The physician observes that although the Eskimos of the Arctic and Masai of Africa consume a high fat diet, they experience little or no incidence of noninfectious (degenerative) diseases including Alzheimer's Disease, cancer, coronary artery disease, diabetes mellitus, multiple sclerosis, lupus and the like. However, as Eskimos start to eat the Western diet (using such foods as refined bleached sugar, bleached white flour, salt, eggs, canned goods, meats and cakes) they succumb to the "disease of civilization."

As the Masais' lifestyle changes, Weissman expects that they too will fall victim to diseases which were absent among our ancestors in a world uncontaminated by industrial wastes.

The incidence of killer diseases in an aging population is not always the result of bodies growing older, wearing out, and falling apart. Weissman observes:

"This does not account for the number of younger people who suffer from Crohn's disease, arthritis, cancer, heart attacks, multiple sclerosis, and other ailments that have been on the rise in the twentieth century."
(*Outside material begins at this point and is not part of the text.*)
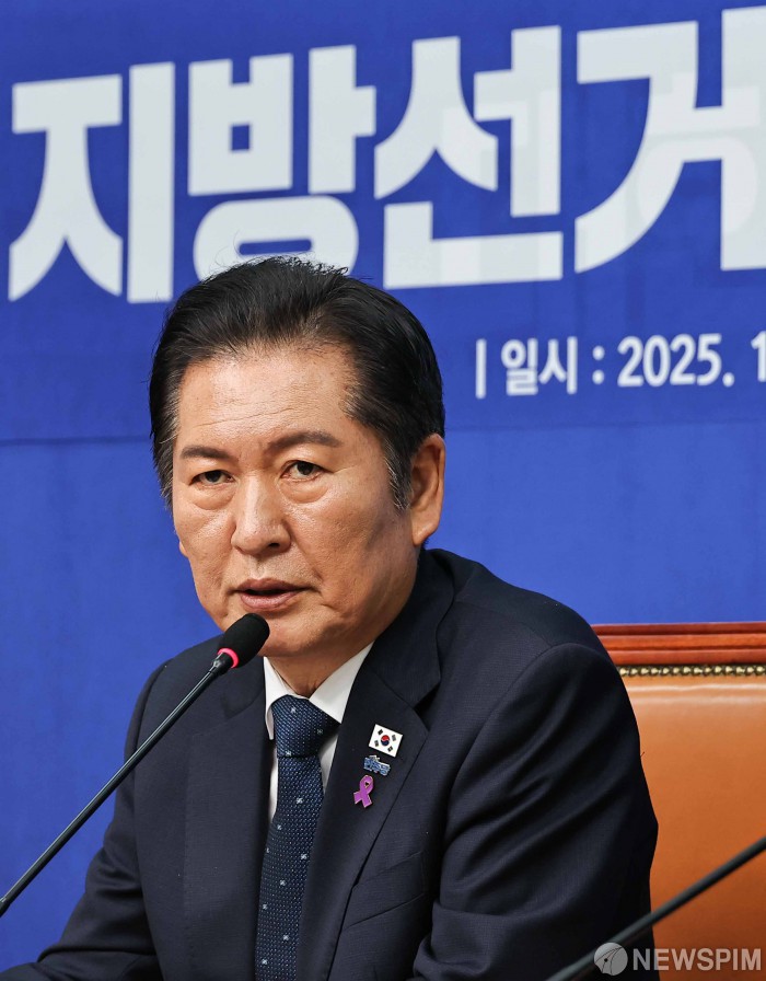 [서울=뉴스핌] 윤창빈 기자 = 정청래 더불어민주당 대표가 22일 오전 서울 여의도 국회에서 열린 더불어민주당 지방선거기획단 3차 회의에서 모두발언을 하고 있다. 2025.10.22 pangbin@newspim.com

In this framework, the preventive health expert indicts animal foods as a major disease producing factor because they are "bioconcentrators." As a result, the environmental toxin levels in animal food are many times -- in some studies, seventeen times, greater than in plant foods.

Weissman also explains that more than 300 pesticides are registered for use on food crops. They are used on foods for animals which become concentrated and enhanced within the cow, pig or chicken, interacting with the hormones and antibodies included in animal diets.

To minimize the effect of such pollutants, Weissman has developed a ten-point, low-toxin program emphasizing a vegetarian diet based on plant sources, eliminating animal products and processed foods.

"In my own medical practice," the physician says, "I have seen the low-toxin program help patients with conditions such as coronary artery disease, cancer, rheumatoid arthritis, gout, systemic lupus, Crohn's disease, ulcerative colitis, spastic colitis, diabetes, duodenal ulcers, chronic hives, eczema and hypertension."